THE Government should legislate flexi-work, giving eligible employees the right to ask for such work arrangements and making it a duty for employers to consider their requests, Ms Irene Ng (Tampines GRC) suggested yesterday.

She said such a move would force companies to hurry and offer flexible working arrangements.

"Unless the right to apply to work flexibly is enshrined in law, companies will continue to resist the request to provide flexible work arrangements," she noted.

And helping people achieve good work-life balance is key to boosting the birth rate, making the country more liveable and giving Singaporeans a greater sense of belonging, she said.

"We have often spoken about the importance of helping our workers to enjoy a work-life balance but the reality on the ground is that the demand for productivity, to meet growth targets, to cut costs, to take on multiple tasks, is incessant and is being translated to longer hours and more stress for our workers."
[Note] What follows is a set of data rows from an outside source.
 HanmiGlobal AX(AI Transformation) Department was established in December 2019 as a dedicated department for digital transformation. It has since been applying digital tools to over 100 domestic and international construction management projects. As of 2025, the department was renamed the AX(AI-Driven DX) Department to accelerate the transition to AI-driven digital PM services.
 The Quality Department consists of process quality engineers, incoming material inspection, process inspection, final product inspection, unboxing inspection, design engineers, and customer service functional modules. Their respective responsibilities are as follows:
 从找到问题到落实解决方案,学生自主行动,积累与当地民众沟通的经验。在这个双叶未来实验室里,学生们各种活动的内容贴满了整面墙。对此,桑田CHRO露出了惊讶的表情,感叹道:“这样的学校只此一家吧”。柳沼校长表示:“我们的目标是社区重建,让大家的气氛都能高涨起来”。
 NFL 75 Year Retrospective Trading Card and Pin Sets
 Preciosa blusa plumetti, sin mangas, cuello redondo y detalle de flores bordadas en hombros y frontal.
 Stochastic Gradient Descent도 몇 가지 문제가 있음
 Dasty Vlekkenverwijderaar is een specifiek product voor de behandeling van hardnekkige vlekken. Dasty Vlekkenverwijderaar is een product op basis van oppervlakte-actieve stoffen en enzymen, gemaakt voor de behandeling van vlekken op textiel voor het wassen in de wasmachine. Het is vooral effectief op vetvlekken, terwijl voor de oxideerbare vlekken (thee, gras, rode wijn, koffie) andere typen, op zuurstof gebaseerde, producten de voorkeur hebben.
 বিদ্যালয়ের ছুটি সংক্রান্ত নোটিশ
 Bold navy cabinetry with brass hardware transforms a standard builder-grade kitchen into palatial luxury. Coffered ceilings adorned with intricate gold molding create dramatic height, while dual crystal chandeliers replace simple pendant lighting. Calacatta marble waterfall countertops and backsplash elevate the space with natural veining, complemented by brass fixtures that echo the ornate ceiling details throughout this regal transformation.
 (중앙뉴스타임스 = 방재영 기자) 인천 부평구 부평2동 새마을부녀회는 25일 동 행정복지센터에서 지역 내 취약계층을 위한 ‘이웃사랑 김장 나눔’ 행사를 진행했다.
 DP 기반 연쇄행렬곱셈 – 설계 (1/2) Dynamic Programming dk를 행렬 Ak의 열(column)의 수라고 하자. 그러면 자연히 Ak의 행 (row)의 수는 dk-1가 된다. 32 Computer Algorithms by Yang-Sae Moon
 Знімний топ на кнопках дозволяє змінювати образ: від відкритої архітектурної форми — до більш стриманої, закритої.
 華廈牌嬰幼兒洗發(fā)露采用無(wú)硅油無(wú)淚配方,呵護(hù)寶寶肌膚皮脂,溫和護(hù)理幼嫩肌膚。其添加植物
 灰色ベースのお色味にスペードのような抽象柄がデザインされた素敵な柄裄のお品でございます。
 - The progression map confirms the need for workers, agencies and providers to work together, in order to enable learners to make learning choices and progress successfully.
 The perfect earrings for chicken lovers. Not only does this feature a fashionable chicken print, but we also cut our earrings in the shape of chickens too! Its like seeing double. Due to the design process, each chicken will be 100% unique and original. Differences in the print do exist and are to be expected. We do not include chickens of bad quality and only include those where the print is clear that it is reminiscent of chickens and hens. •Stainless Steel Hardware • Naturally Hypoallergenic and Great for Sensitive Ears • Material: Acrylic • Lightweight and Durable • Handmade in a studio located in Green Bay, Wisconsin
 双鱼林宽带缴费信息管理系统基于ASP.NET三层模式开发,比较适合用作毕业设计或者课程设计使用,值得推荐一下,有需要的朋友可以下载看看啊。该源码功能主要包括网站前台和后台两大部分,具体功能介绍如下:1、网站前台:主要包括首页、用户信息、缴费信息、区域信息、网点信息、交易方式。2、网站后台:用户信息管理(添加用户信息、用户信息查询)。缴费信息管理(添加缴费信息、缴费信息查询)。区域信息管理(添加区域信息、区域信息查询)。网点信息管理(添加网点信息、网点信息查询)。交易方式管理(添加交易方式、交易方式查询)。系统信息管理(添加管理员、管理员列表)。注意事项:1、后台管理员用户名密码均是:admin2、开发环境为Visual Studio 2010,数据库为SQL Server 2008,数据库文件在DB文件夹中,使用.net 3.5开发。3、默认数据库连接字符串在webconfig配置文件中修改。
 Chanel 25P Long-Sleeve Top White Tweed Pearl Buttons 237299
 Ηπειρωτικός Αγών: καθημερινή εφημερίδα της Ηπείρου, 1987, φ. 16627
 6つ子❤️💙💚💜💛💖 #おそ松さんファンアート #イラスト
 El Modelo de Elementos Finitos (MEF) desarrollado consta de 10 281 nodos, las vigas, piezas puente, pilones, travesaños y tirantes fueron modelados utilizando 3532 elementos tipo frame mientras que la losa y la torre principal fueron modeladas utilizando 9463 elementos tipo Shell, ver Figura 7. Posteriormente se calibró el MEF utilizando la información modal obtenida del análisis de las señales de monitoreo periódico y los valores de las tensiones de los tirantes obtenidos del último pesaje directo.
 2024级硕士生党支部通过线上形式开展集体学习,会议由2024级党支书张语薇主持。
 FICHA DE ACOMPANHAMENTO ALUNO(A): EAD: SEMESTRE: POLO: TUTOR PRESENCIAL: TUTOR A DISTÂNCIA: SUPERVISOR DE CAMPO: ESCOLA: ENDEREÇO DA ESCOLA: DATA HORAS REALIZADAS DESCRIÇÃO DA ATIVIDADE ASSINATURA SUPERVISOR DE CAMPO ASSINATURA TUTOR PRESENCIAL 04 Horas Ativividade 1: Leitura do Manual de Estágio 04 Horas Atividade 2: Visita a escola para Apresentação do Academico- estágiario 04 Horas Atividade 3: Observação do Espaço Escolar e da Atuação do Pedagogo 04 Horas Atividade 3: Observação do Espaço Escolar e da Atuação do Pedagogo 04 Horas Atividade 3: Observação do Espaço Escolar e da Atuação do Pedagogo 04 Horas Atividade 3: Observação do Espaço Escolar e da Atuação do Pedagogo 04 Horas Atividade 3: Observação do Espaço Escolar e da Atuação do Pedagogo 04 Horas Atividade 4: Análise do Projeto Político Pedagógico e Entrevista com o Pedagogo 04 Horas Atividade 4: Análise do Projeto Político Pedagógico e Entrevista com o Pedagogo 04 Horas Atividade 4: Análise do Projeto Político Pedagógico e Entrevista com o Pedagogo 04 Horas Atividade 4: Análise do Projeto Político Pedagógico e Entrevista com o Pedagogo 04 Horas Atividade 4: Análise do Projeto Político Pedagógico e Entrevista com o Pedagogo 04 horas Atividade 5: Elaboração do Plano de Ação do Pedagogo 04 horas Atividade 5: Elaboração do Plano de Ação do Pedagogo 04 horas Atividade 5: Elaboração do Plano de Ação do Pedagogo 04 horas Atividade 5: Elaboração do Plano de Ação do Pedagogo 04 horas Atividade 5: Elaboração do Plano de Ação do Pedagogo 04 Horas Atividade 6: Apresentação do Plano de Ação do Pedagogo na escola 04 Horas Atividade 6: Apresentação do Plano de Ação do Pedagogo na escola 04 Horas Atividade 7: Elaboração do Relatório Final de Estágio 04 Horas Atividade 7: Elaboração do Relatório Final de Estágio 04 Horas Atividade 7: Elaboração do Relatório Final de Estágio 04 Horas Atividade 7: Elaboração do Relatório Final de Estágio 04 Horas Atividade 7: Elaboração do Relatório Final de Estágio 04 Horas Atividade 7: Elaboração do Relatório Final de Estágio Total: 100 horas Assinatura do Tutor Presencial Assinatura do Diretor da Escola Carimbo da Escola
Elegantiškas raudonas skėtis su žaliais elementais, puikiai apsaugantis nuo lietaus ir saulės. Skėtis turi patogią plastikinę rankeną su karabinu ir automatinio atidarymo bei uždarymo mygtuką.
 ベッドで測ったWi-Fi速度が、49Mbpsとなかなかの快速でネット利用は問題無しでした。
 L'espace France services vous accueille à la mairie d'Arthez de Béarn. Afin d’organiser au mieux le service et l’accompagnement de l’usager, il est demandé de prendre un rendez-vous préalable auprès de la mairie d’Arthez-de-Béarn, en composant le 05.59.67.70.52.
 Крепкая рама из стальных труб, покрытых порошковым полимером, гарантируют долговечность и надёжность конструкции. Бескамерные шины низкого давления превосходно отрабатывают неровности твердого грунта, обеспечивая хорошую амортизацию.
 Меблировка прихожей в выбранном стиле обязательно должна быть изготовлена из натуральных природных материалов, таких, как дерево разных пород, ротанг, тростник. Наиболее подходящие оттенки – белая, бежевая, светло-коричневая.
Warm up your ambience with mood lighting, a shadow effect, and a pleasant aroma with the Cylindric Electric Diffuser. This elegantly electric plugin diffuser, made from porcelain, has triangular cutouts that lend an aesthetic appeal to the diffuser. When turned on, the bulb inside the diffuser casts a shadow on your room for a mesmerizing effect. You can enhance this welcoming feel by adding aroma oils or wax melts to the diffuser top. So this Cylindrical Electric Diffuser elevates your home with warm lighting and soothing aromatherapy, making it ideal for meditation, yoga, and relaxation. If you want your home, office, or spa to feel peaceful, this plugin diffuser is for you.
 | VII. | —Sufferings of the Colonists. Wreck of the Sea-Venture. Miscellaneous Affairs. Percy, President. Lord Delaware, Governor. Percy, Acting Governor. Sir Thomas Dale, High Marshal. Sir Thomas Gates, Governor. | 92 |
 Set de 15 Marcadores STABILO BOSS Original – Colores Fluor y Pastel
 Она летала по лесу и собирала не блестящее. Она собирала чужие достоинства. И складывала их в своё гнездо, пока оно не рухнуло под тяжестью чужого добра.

She also said the Government will be injecting even more stress into society if it continues to encourage Singaporeans to marry early, have more children and work hard, but then fails to create a strong and consistent work culture which supports families.

Ms Ng supported the call by Dr Janil Puthucheary (Pasir Ris-Punggol GRC) for free travel on public transport before peak hours.

But the move will need to be accompanied by flexi-work, because if people were to go to work at 7.30am, they should be able to leave by 3.30pm, she said.

Her sentiments were shared by Workers' Party MP Lee Li Lian (Punggol East), who said many workers worried that their bosses would lose confidence in their ability to do the job if they asked for flexi-work arrangements.

"We need to support a shift in mindsets, which can be brought about if the Government takes meaningful steps to institutionalise better flexible work practices," she said.

Ms Lee reiterated her call for an independent commission to be set up to look into work-life balance practices.

The aim would be for the commission to lead public discussions on family-friendly work practices, develop research and promote global best practices on work-life balance, she said.

The commission should also help to develop resources to help businesses create a more pro-family environment, she added.